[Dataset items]
▼▼▼
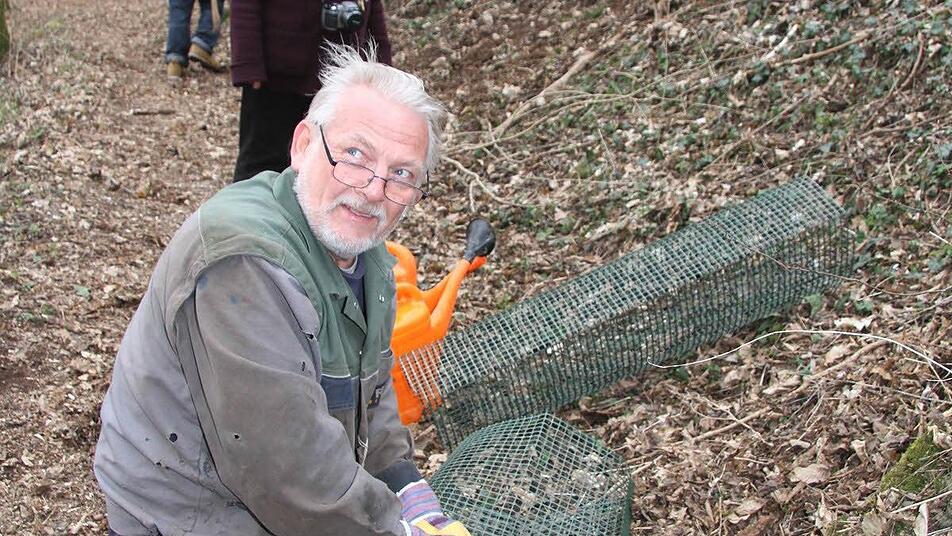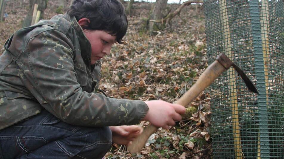 "Ich habe schon fünf Eiben gepflanzt", erklärt Kai Petschke stolz und greift nach der Umzäunung. Denn die Schüler wissen: Die jungen Eiben müssen vor Rehen geschützt werden. "Eiben sind wie Schokolade. Rehe lieben sie", hatte Anja Mörtlbauer erklärt.
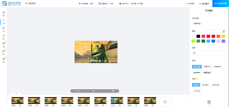 在使用动图的表情包的时候,经常会看到很多的gif动图都是许多电视剧,电影,动画等视频的画面,附上自制的文字制作出来的,非常的好玩。那么如果想要将视频动画转换为gif动画的话,该怎样来操作呢?下面给大家分享一款视频转gif软件(https://www.gif.cn/),只需要准备好视频即可在线将视频转化gif,下面是具体的操作方法。 设置画布尺寸,根据使用需求,可自定义生成gif尺寸,输入宽和高的数值,点击锁定宽高比,防止图片变形,点击开始截图,停止截图,取图完成,确定截取的视频长度,点击确定提交,进入gif编辑器页面。 一般视频都会带有原字幕,使用gif裁剪功能,将原字幕裁掉,然后点击加字按钮,输入文字,选择字体,颜色,特效,大小,完成在线gif加字操作。还支持贴图,素材,图形,裁剪功能。 返回信息页面,默认选择压缩选项,保证生成动图文件较小,如果想要更清楚的gif动图,可以关闭压缩选项,选择图片质量为原图,点击右上角去水印下载。 以上就是将视频动画转换为gif动画的操作方法,大家也可以按照以上的操作步骤将电视剧,电影,短视频等内容转换gif动图。并且还支持图片合成gif动图功能,大家也可以将多张图片合成gif动图,欢迎大家使用gif中文网来制作gif动图。
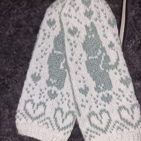 Mummi votter strikket I Rauma finull garn. Fargene er olivengrønn og hvit
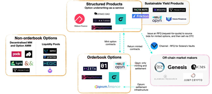 Dès 2019, Opyn a commencé à lancer un marché d'options basé sur le carnet d'ordres de l'ETH. Cependant, en raison des frais de gaz élevés et des écarts acheteur-vendeur très importants, il n'y avait pas beaucoup d'utilisateurs de trading actifs et s'est tourné vers le développement. de produits structurés. Parmi les autres marchés d'options qui utilisent des carnets d'ordres figurent Zeta Markets sur Solana et Lyra, le marché d'options de type AMM sur Optimism.
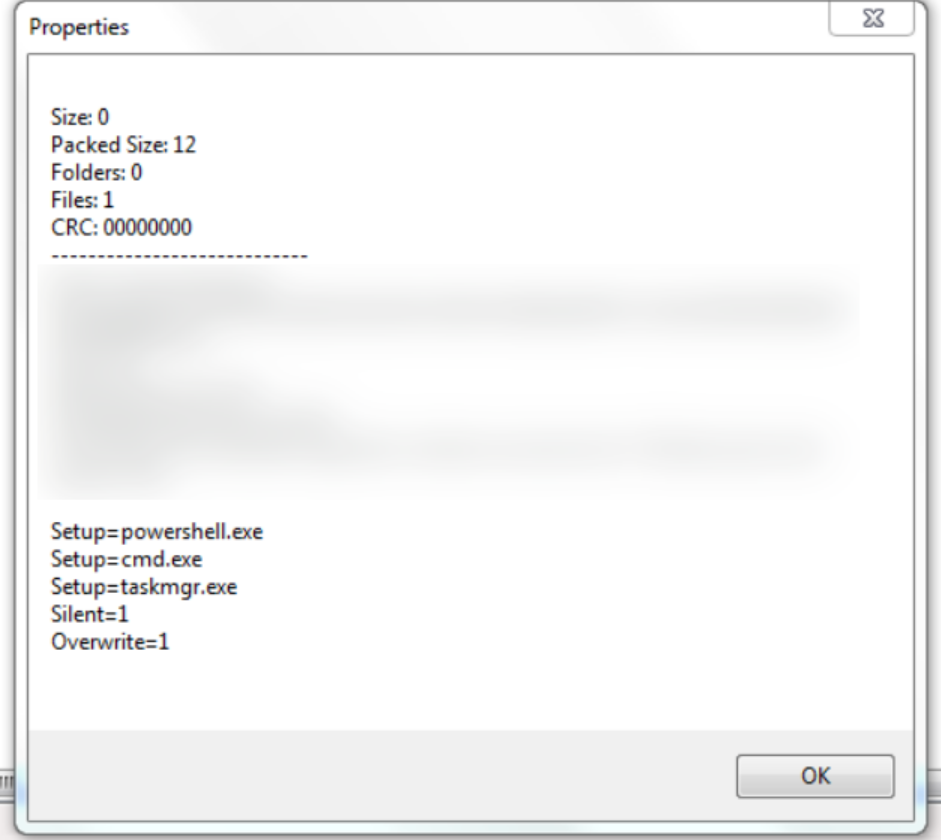 如上图所示,注释显示攻击者自定义了SFX档案,以便在提取过程中不显示对话框和窗口。攻击者还添加了运行PowerShell、命令提示符和任务管理器的指令。
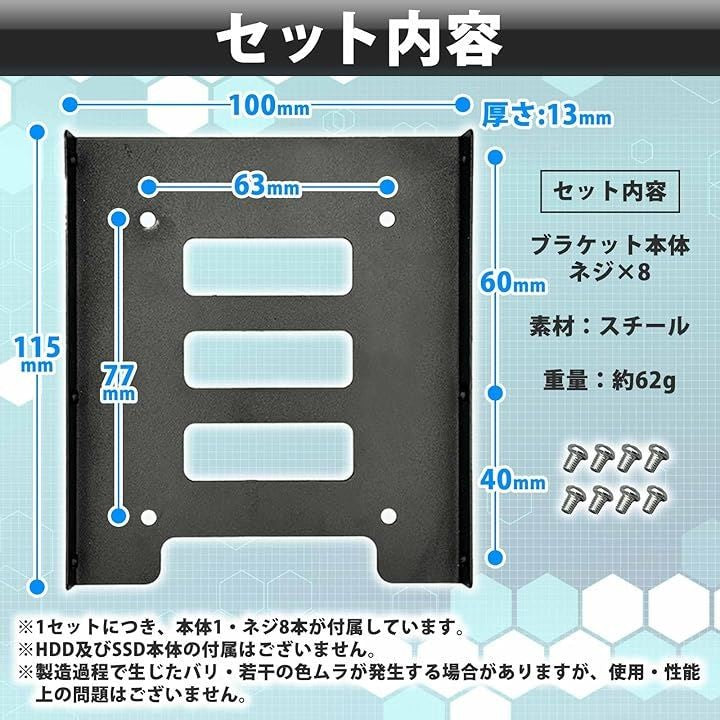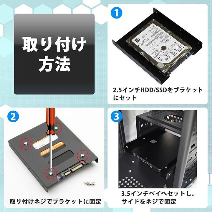 2.5インチHDD/SSD用 3.5インチ変換マウンタ ブラケット PC用 ネジ付き 金属製 変換ケース
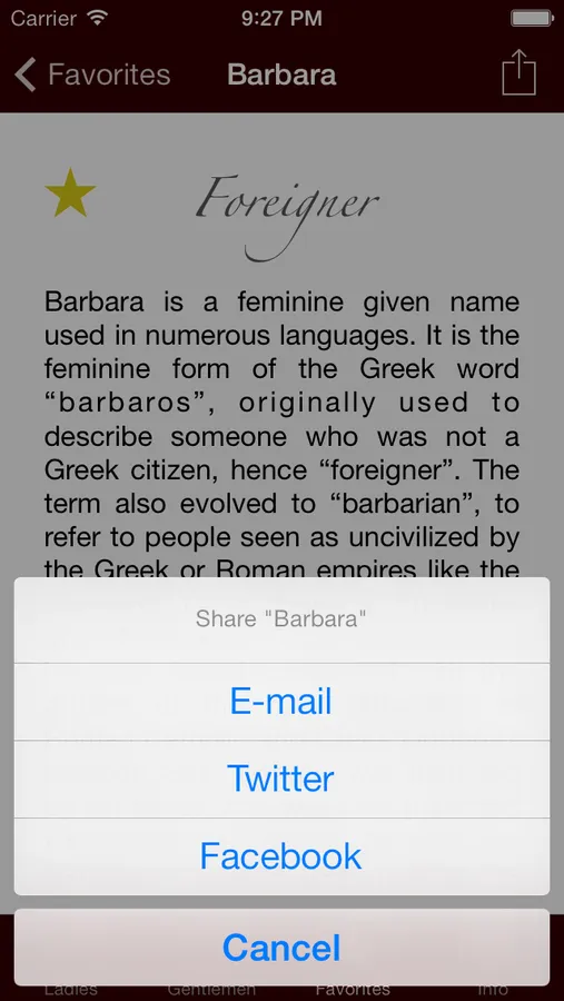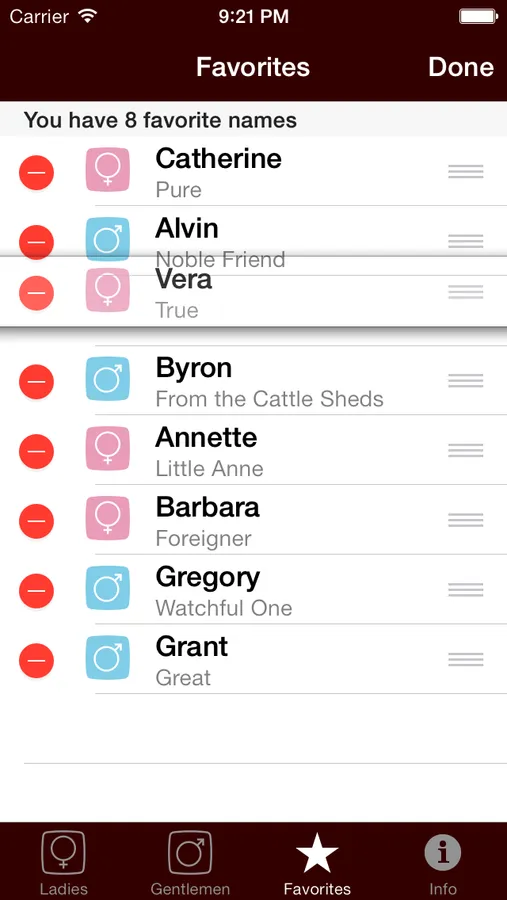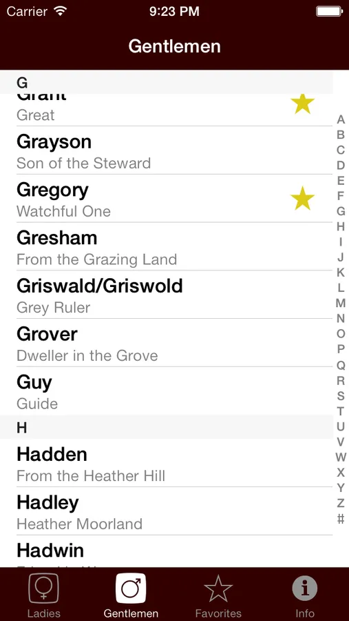 - Add to your own list of favorite names with no need to register, just by tapping the star next to the names you like;
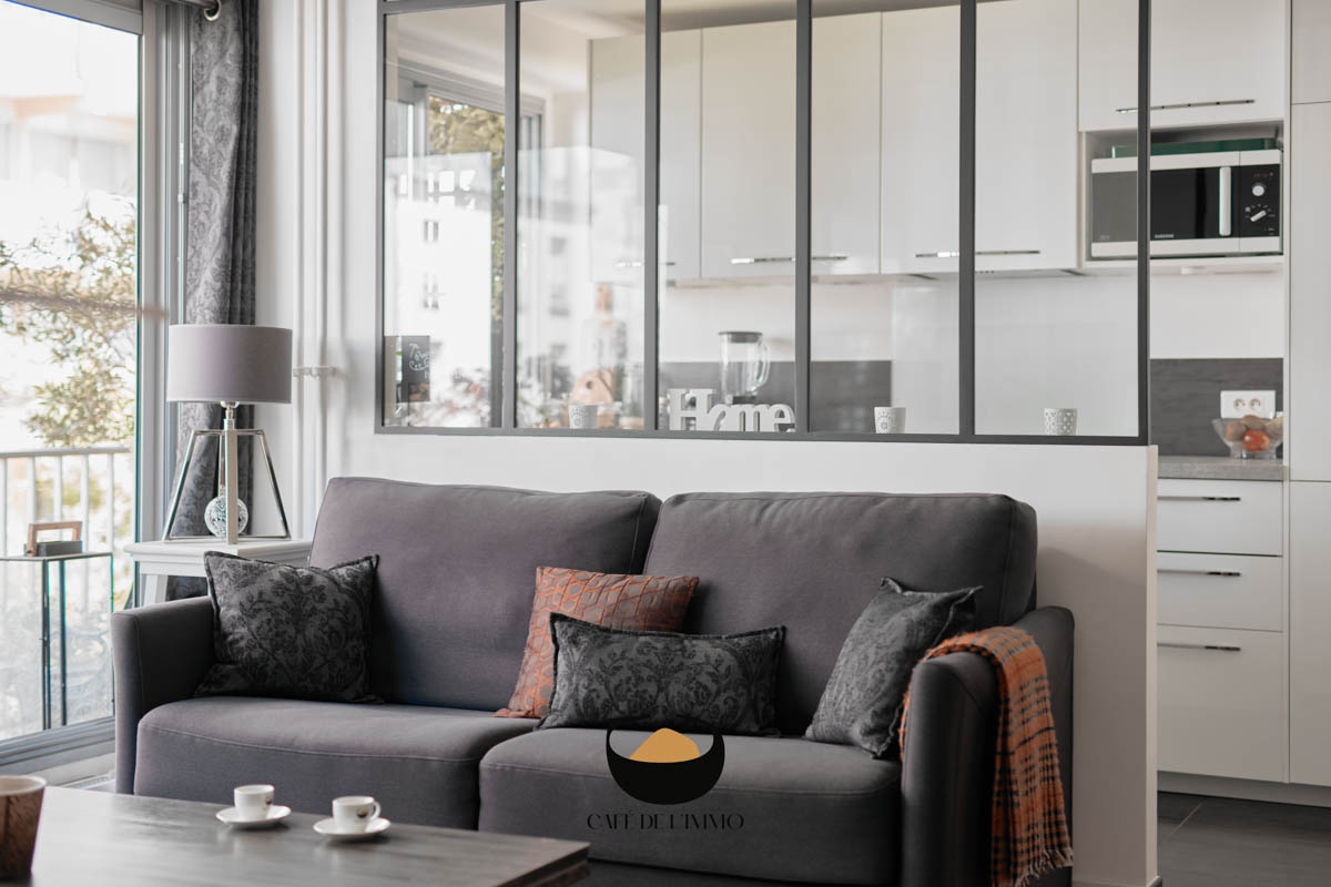 - Une cuisine équipée et séparée du séjour grâce à une verrière offrant profondeur et luminosité,
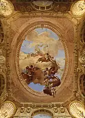 • The top band contains architectural trompe-l'œil, which gives a sense of perspective to the whole. The lateral monochrome paintings are of statues representing Abundance and Justice. The satyrs above the doors evoke the four seasons.
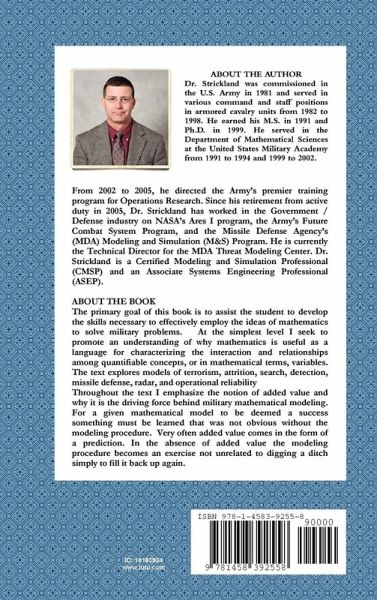 The primary goal of this book is to assist the student to develop the skills necessary to effectively employ the ideas of mathematics to solve military problems. At the simplest level I seek to promote an understanding of why mathematics is useful as a language for characterizing the interaction and relationships among quantifiable concepts, or in mathematical terms, variables. The text explores models of terrorism, attrition, search, detection, missile defense, radar, and operational reliability Throughout the text I emphasize the notion of added value and why it is the driving force behind military mathematical modeling. For a given mathematical model to be deemed a success something must be learned that was not obvious without the modeling procedure. Very often added value comes in the form of a prediction. In the absence of added value the modeling procedure becomes an exercise not unrelated to digging a ditch simply to fill it back up again.
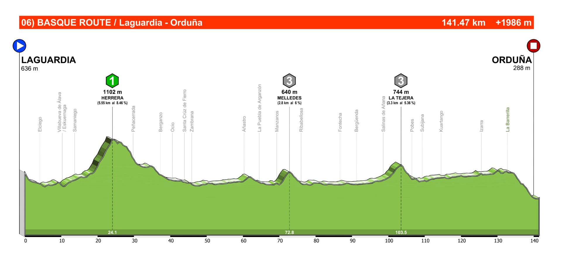 Al puerto de Orduña le ocurre lo mismo que a otros puertos como Herrera. Tuvo gran importancia impulsado por La Vuelta a mediados del siglo pasado, pero cuando esta dejó de venir a las carreteras vascas, entró en el olvido en alta competición. Como dato curioso, comentaremos que Orduña toca en sus dos vertientes tres provincias distintas. Su vertiente dura se inicia en el municipio de Orduña (Bizkaia), a lo largo de su trazado discurre por Araba, y al coronarse se adentra en la provincia de Burgos.
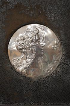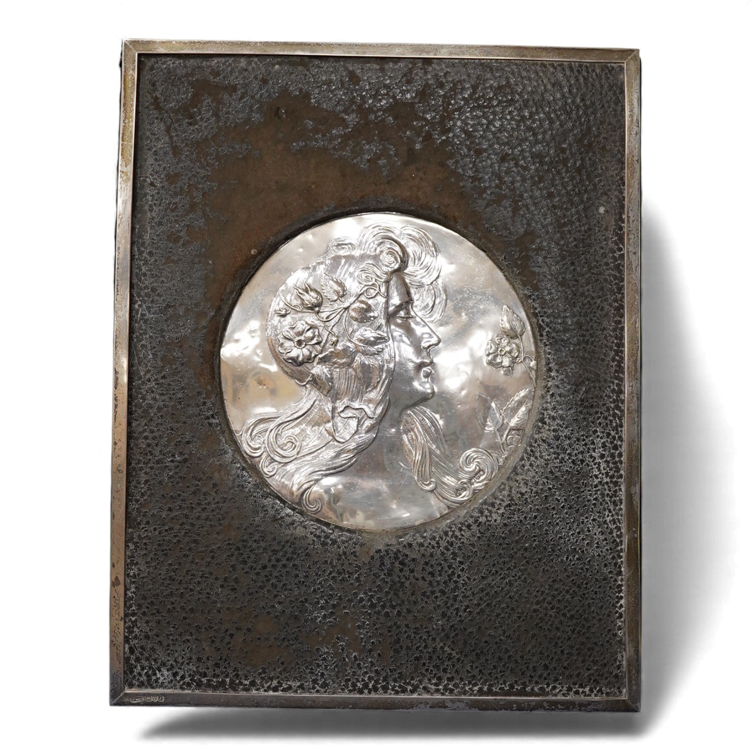 Lot 828 , An Edwardian Art Nouveau silver mounted blotter, decorated wit the bust of a young lady, Grey & Co, Chester, 1909, 31.4cm.
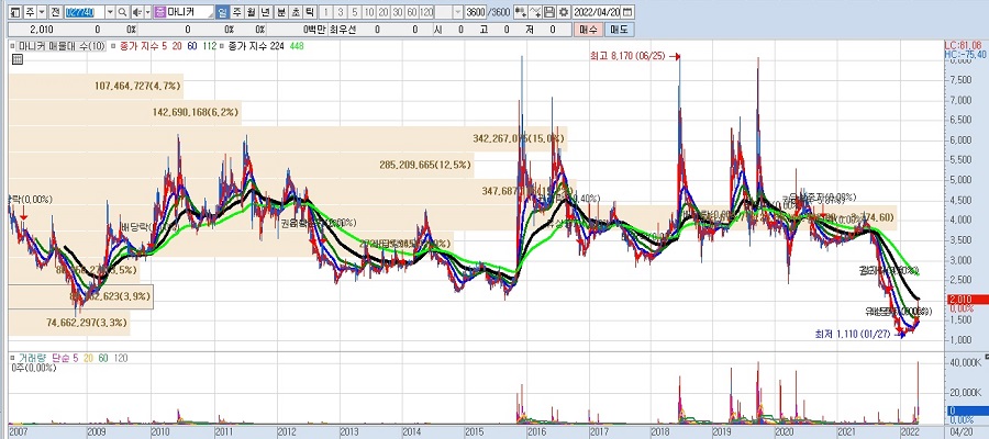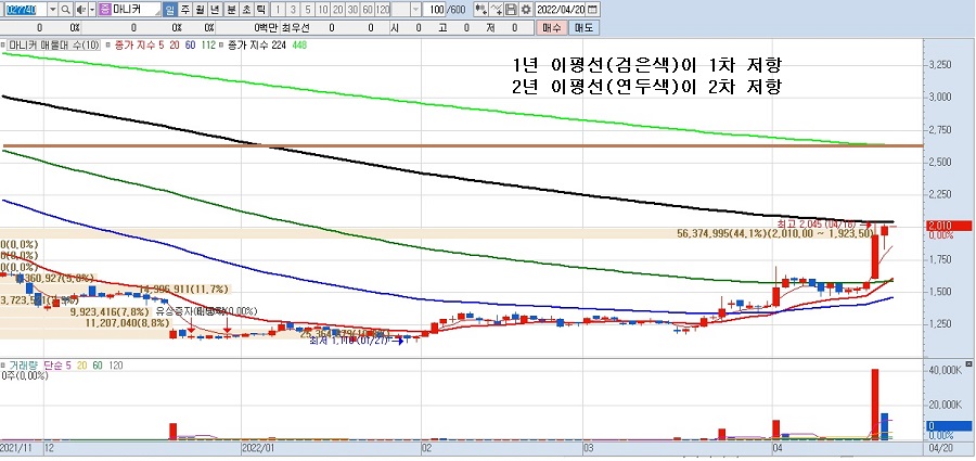 장기 일봉차트에서 보듯이 2016년부터 2018년 까지 역동적인 주가 등락 파동을 보여주다가 2021년에는 주르륵 흘러내려서 현재 주가가 바닥권에 있습니다. 19일 1차 저항대인 1년 장기 이평선에 부딪힌 모습입니다. 마니커 주가전망은 현재 추세라면 1차 저항대는 높은 확률로 뚫을 것으로 보입니다. 한 번에 뚫을지 상한가 장대양봉의 중간값인 1750원이나 장대양봉 시가인 1610원까지 뺐다가 뚫을지는 알 수 없습니다.
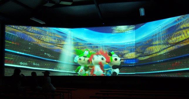 由多塊銀幕組成,通過多臺(tái)投影機(jī),采用投影融合技術(shù),創(chuàng)造出超大無縫的逼真畫面。利用電影自身特有的技術(shù)優(yōu)勢,使觀眾在高質(zhì)量的聲畫環(huán)境包圍之中,產(chǎn)生身臨其境的強(qiáng)烈的現(xiàn)場 ……
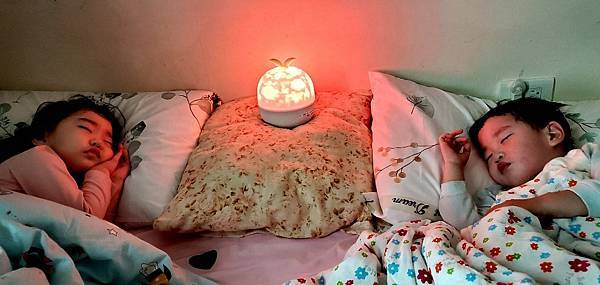 有了投影功能,孩子們每當我講完故事,就直接要我開啟芽比兔故事燈,自動把大燈關掉,然後躺好往天花板投影看,安安~靜靜。
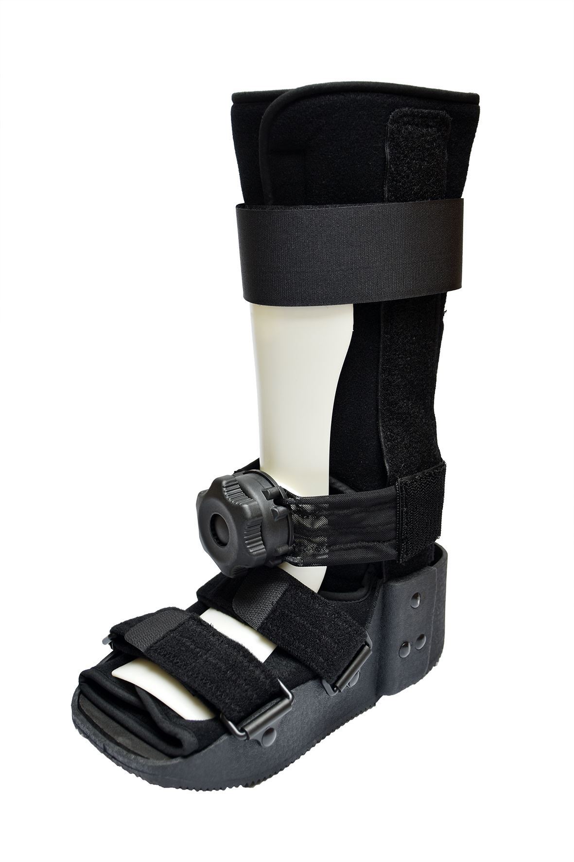 - 兩側鋁條及前後成型膠板固定足踝及小腿
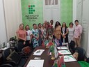 Reunião no gabinete da Reitoria no dia 07 de outubro que contou com as presenças da Pró-Reitora de Ensino, Mary Roberta, Diretora de Extensão Popular e Rural da Proexc, Maria José Bezerra, Pró-Reitora de Pesquisa, Pós-Graduação e Inovação, Silvana Cunha, Diretor do Campus João Pessoa, Neilor César, Diretora de Ensino do Campus Cabedelo, Turla Baptista, Diretora de Ensino do Campus Campina Grande, Ana Cristina Alves, além do professor Rafael José Barros, representando a Diretoria de Ensino do Campus João Pessoa, da servidora Cinthia Saska, e representantes do CLIPE e do PEC-G.
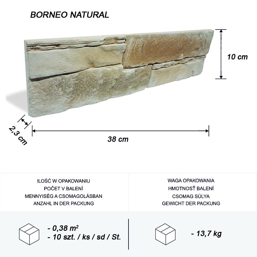 Kamień Betonowy Borneo Natural to nowoczesny element wykończeniowy, łączący dużą i drobną strukturę kamienną. Charakteryzuje się delikatną kolorystyką, która wprowadza harmonię do przestrzeni. Idealnie sprawdza się w różnych aranżacjach, zarówno wewnętrznych, jak i zewnętrznych, dodając elegancji i trwałości. Jego uniwersalny charakter pozwala na tworzenie interesujących kompozycji i aranżacji, które nadają wnętrzom nowoczesny i stylowy wygląd.
▲▲▲
Task instructions | Output exactly, and only, the lines running from the line containing "由多塊銀幕組成,通過多臺(t" to the last line of the entries above, omitting the pictures.

Exercise result |
 由多塊銀幕組成,通過多臺(tái)投影機(jī),采用投影融合技術(shù),創(chuàng)造出超大無縫的逼真畫面。利用電影自身特有的技術(shù)優(yōu)勢,使觀眾在高質(zhì)量的聲畫環(huán)境包圍之中,產(chǎn)生身臨其境的強(qiáng)烈的現(xiàn)場 ……
 有了投影功能,孩子們每當我講完故事,就直接要我開啟芽比兔故事燈,自動把大燈關掉,然後躺好往天花板投影看,安安~靜靜。
 - 兩側鋁條及前後成型膠板固定足踝及小腿
 Reunião no gabinete da Reitoria no dia 07 de outubro que contou com as presenças da Pró-Reitora de Ensino, Mary Roberta, Diretora de Extensão Popular e Rural da Proexc, Maria José Bezerra, Pró-Reitora de Pesquisa, Pós-Graduação e Inovação, Silvana Cunha, Diretor do Campus João Pessoa, Neilor César, Diretora de Ensino do Campus Cabedelo, Turla Baptista, Diretora de Ensino do Campus Campina Grande, Ana Cristina Alves, além do professor Rafael José Barros, representando a Diretoria de Ensino do Campus João Pessoa, da servidora Cinthia Saska, e representantes do CLIPE e do PEC-G.
 Kamień Betonowy Borneo Natural to nowoczesny element wykończeniowy, łączący dużą i drobną strukturę kamienną. Charakteryzuje się delikatną kolorystyką, która wprowadza harmonię do przestrzeni. Idealnie sprawdza się w różnych aranżacjach, zarówno wewnętrznych, jak i zewnętrznych, dodając elegancji i trwałości. Jego uniwersalny charakter pozwala na tworzenie interesujących kompozycji i aranżacji, które nadają wnętrzom nowoczesny i stylowy wygląd.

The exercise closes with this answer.